30 heavy tulkun tons (that’s how much a normal humpback weighs) press against Mick Scoresby’s biceps for a long second. Then a juicy cut and, well, the arm waves at its former owner. All coincidence?

There is clearly a revenge story behind the arm scene

We don’t see the tulkun directly after that, but I imagine he turns off with a hysterical, somewhat mirthless laugh. Or smiling contentedly like Uma Thurman at the end of Kill Bill, released from her thirst for revenge.
“You may go, but the severed limbs stay here!”

Because, flashback, the Tulkun and the tulk novice still had a score to settle, which Payakan settled on an “an eye for an eye, a tooth for a tooth” basis. The animal is missing about two-thirds of a fin, which it lost when the hunters attacked it. They wanted to siphon valuable, rejuvenating glandular fluid from him. We learn this through a vision that Sully’s son Lo’ak downloaded via Payakan’s uvula.

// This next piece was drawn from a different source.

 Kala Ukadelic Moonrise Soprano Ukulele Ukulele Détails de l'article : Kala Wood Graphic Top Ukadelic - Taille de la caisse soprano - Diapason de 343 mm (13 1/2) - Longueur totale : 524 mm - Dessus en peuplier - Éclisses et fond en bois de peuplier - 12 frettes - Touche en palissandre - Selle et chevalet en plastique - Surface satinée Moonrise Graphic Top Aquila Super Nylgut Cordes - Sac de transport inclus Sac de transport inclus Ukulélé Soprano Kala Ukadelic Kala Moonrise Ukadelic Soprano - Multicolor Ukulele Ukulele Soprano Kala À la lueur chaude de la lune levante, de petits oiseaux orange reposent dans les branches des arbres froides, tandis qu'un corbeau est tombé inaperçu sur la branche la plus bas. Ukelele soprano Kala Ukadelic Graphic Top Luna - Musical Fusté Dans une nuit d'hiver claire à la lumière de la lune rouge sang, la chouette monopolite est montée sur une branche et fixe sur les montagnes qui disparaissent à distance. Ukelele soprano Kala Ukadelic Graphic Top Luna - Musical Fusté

Tulkun loses a fin while hunting Tulkun – in return, he rips off the arm of the chief Tulkun hunter: That is at least one poetic bracket that director James Cameron puts around his plot.

But that alone is too small for me and James Cameron probably too.

Avatar 2 Great pics, but TERRIBLELY LONG! Review

After all, why should the Avatar creator keep us banging our heads off about the Tulkune’s high level of intellectuality if we don’t turn the Arm scene into one tangible, personal revenge story allowed to interpret? Exactly, there is no reason speaking against it.

Tulkune make small talk about the offspring of their acquaintances, they compose songs! Of course, they are capable of complex negative feelings. For example revenge. And if years of pent-up hatred aren’t behind this extremely sophisticated amputation procedure, then I don’t know what is.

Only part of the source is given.